● **TRY IT**:
The records below are to be transcribed exactly from their first line to the line that has "Varanasi is an", inclusive, with every picture omitted.
|---|
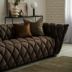 Wysoka estetyka formy – świadczą o niej unikalne przeszycia w kształcie rombów oraz podłokietniki wykończone elegancką, grubą zakładką.
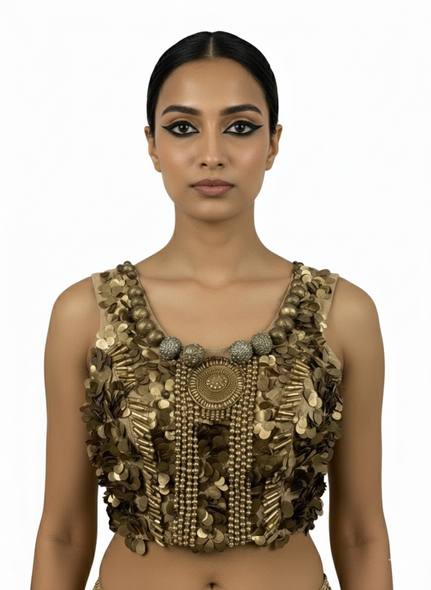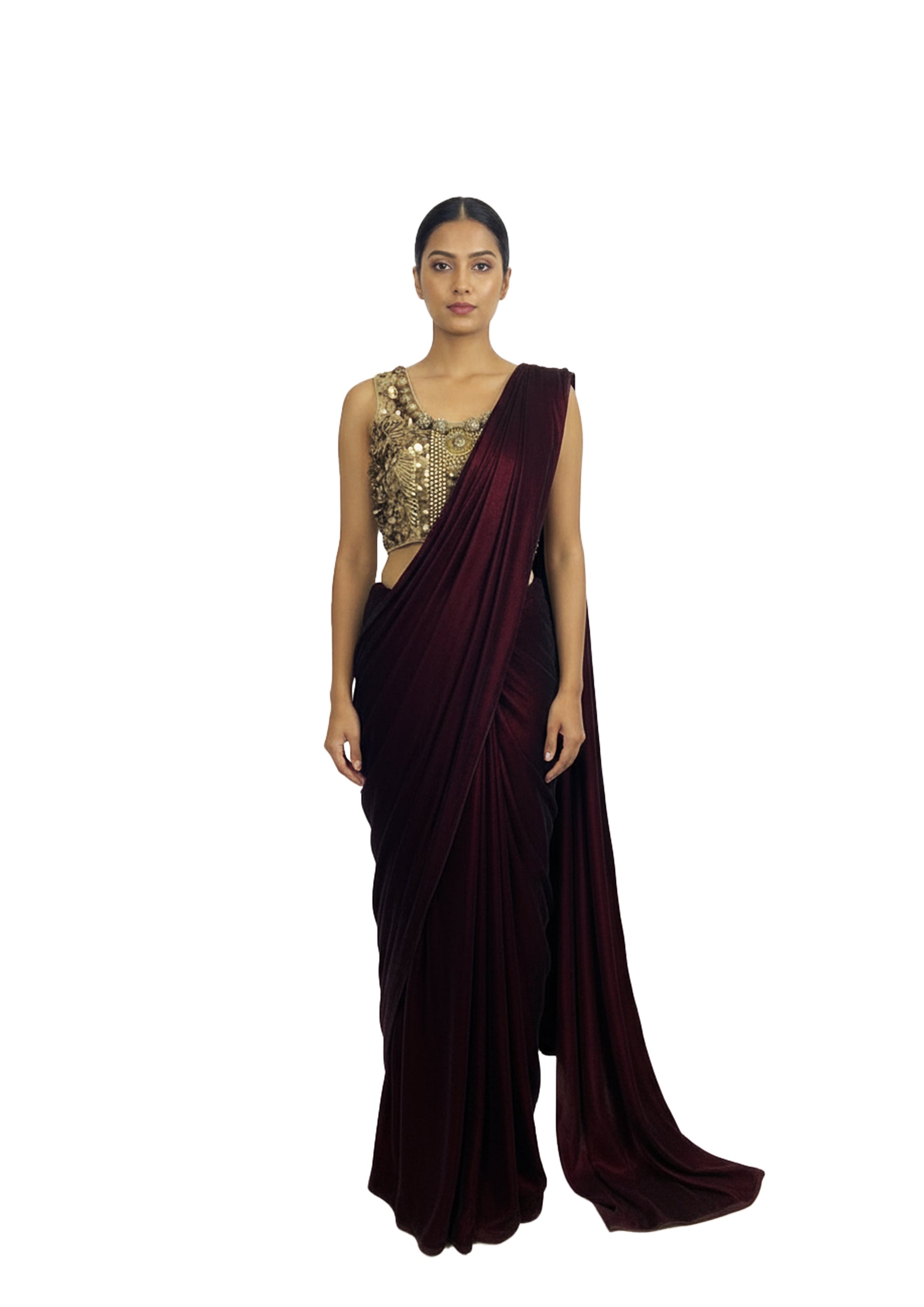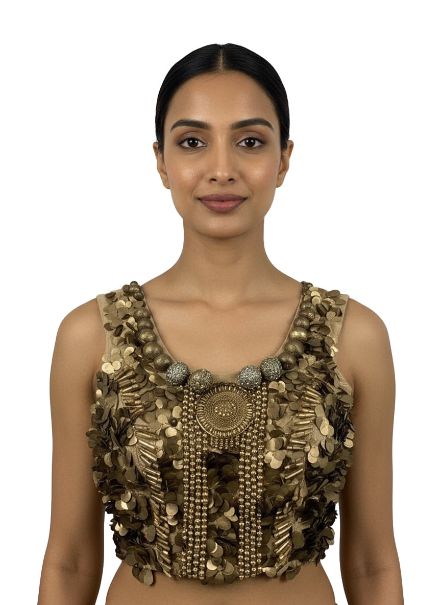 Varanasi is an emotion you feel the moment you arrive - a deep connection to yourself. This design is a visual and tactile expression of that feeling. Hand-embroidered silk is adorned with unique antique beads sourced from Turkman Gate and Chandni Chowk in old Delhi, paired with a velvet net saree.
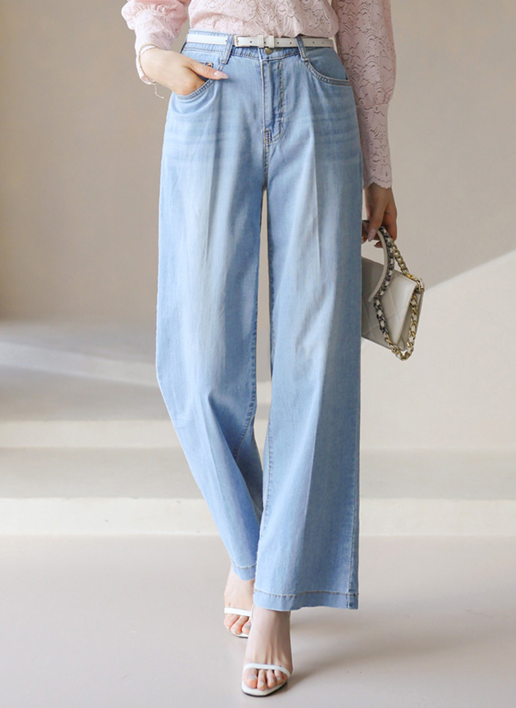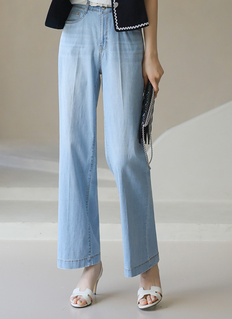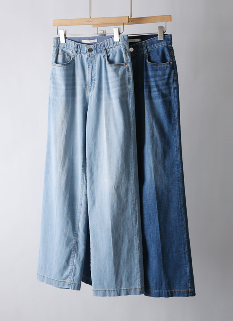 [Lightweight linen-blend denim with hidden elastic waistband for all-day comfort. Relaxed wide silhouette creates an effortlessly chic summer look.]
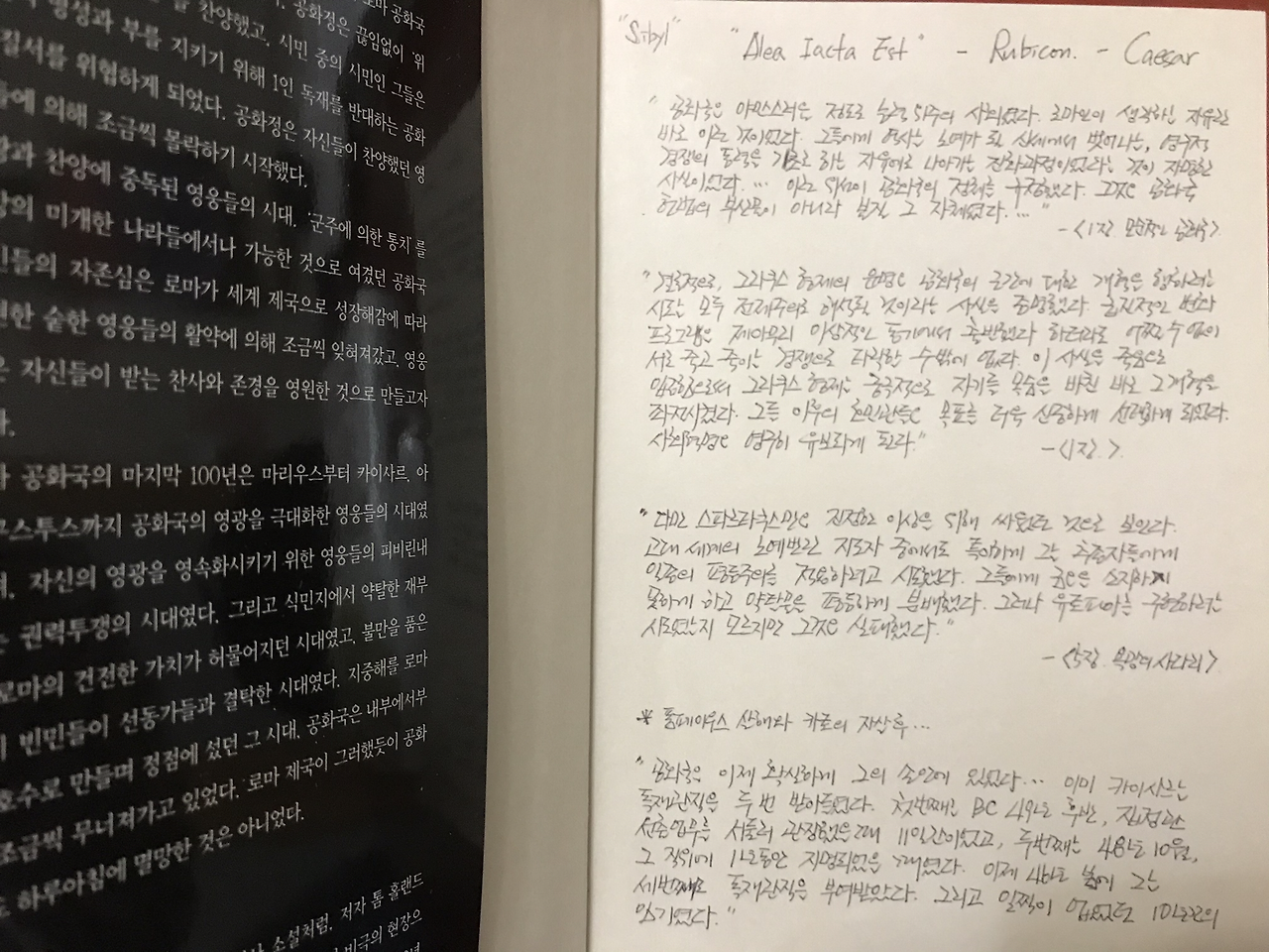 로마는 늑대 젓을 먹고 자란 로물루스-레무스 쌍둥이 형제가 기원전 753년에 건국 후 군사력으로 주변 지역을 점차로 복속시키면서 군주국이 되었으나, 기원전 509년 타르퀸이라는 독재자가 시빌(Sibyl)이라는 노파의 예언을 무시한 후 쫓겨나고 시민투표에 의한 '민주정'을 세웠으며 이후로도 이 '공화정'이 위기에 처하면 원로원이 보관해온 '시빌 예언서'를 들춰보며 시민 모두가 한마음으로 공화국을 지켜왔다는 것이다. 아마도 아주 고대의 '시빌 예언서'는 독재에 항거한 민중폭동의 은유가 아니었을까 싶다. '공화국'에서 원로원으로부터 선출된 임기 1년의 집정관은 2명이 서로 견제했고 호민관은 귀족이 아닌 시민이 뽑은 대표로서 서민정책을 펴는 귀족이었단다. 로마 창시자 로물루스는 카피톨리누스 언덕을 중심지 삼아 아벤티누스 지역의 동생 레무스를 살해하고 로마를 차지했다는데 위례(서울)를 기반 삼아 형제 비류를 죽이고는 미추홀(인천)을 먹은 백제 시조 온조 이야기와 닮았다. 로마는 승자 로물루스 지역 카피톨리누스가 귀족들의 대저택, 패자 레무스의 지역 아벤티누스 서민들의 '쪽방촌' 또는 '닭장촌'으로 나뉘기도 했는데 이 서민아파트 값 또한 엄청나게 비쌌으며 로마 전성기 인구가 고대 당시에 이미 100만명이 넘었다는 기번의 이야기를 들으면 지금의 서울, 현대사회 대도시의 모습과 꼭 닮았다. 트로이 전쟁 후 피난온 아에네이아스(Aeneas) 후손인 율리우스 가문은 로마의 근본있는 귀족인데 율리우스 카이사르는 아마도 이 집안 출신 정치인이었던 것 같다. 로마 시민들의 지지를 얻기 위해 빚내서 돈과 금품을 막 뿌려대고 남유럽 지역인 갈리아 원정 등의 군사적 성과를 통해 명성과 능력을 인정받은 카이사르는 1차 삼두정치 과정에서 당연히 당대 실력자들로부터 견제를 받았는데 경쟁자들을 치기 위해 카이사르가 던진 '주사위'가 바로 '루비콘 도강'이었다. 크라수스, 폼페이우스, 카토 등을 제압한 카이사르는 이전 세대 술라가 역임한 '독재관' 10년 임기 시작 초반에 "부르투스, 너마저?(Et tu Brute?)" 한마디 남기고 살해되었다는데, 그만큼 '공화국'을 애정했던 카이사르의 동료 부르투스가 로마 광장에서 만세를 부를 때 이를 보는 로마 시민들의 시선은 차가웠단다.
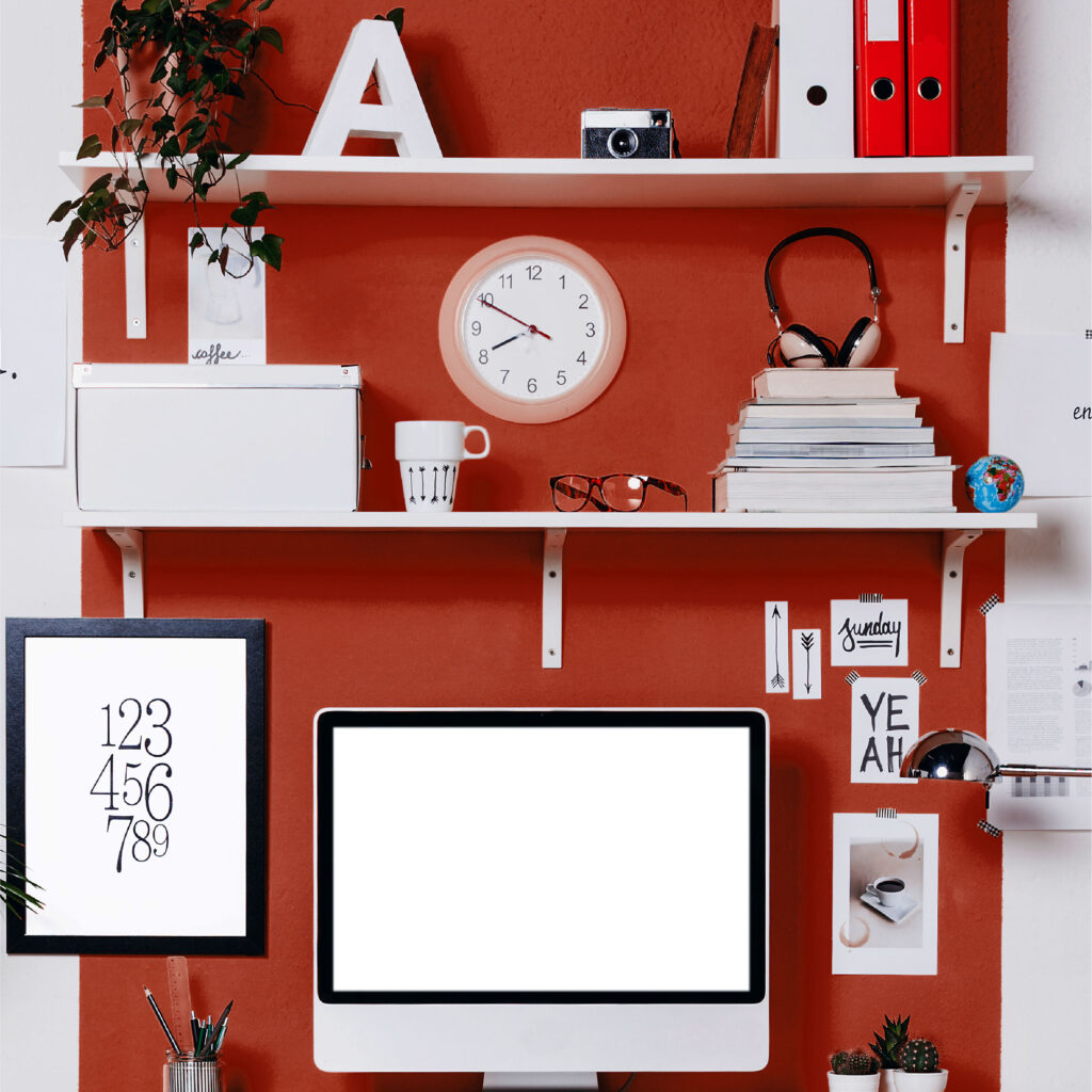 For a more grown up feel, ideal for a study used by the whole family, apply an all-round coating of Beryl Pearl as your base and accent with bold primaries. By painting wooden shelving, wardrobes and cupboard doors you can achieve an energized space with these fun pops of color in Peninsula, Glowing Lantern and Moonrose. One for the whole family to enjoy!
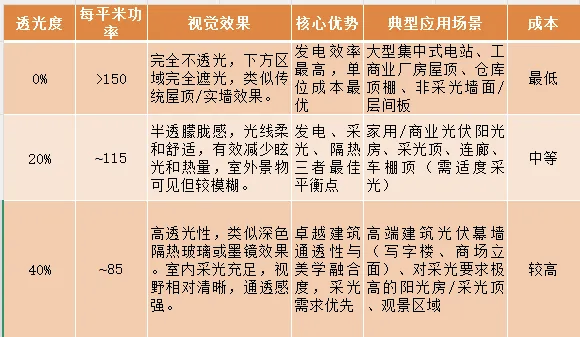 注意点:发电效率在三者中最低,单位发电成本相对最高。选择它主要是为了满足高透光与美观的核心诉求。
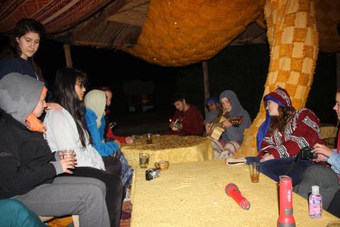 Thanks to two students who brought their guitars, we played throughout the night. Jeff Buckley’s Hallelujah, Mumford & Sons’ Little Lion Man, Marvin Gaye’s Stand By Me, Old Crow Medicine Show’s Wagon Wheel. We played the classics of today and yesteryear, screaming out off-key notes and unpleasant shrieks without a care in the world. We were in the middle of the Sahara Desert and I was happy.
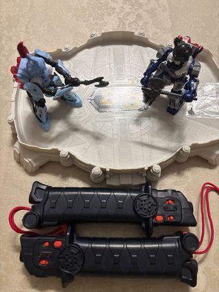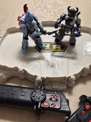 Set de batalla con dos robots luchadores. - Robots con diseño de armadura. - Incluye accesorios de combate como hachas. - Base de arena de combate con logo.
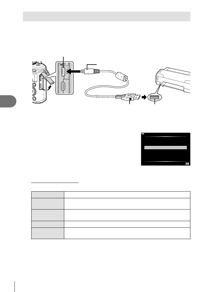 • When the camera is connected to a printer via USB, a dialog should be displayed in
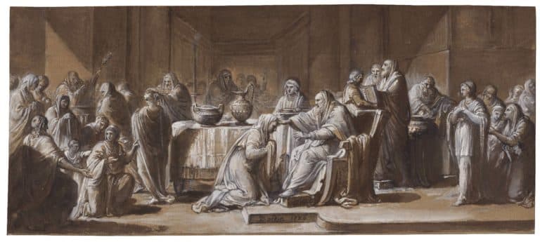 Formé d’abord à la peinture dans l’atelier de Jean-Louis Lagrenée, Jean Bardin collabora avec Jean-Baptiste Marie Pierre avant de remporter le premier prix de l’Académie royale de peinture et de sculpture en 1765. Agréé à l’Académie en 1779, il exposa régulièrement au Salon jusqu’en 1786, date à laquelle il accepta la direction de l’École de dessin d’Orléans. Attentif à la réussite de sa mission, il se retira progressivement de la carrière de peintre avant de tomber dans un profond oubli dont seul son rôle de professeur auprès de Jean-Baptiste Regnault fut épargné.
|---|
● **SOLUTION FOR THIS TASK**:
 Wysoka estetyka formy – świadczą o niej unikalne przeszycia w kształcie rombów oraz podłokietniki wykończone elegancką, grubą zakładką.
 Varanasi is an emotion you feel the moment you arrive - a deep connection to yourself. This design is a visual and tactile expression of that feeling. Hand-embroidered silk is adorned with unique antique beads sourced from Turkman Gate and Chandni Chowk in old Delhi, paired with a velvet net saree.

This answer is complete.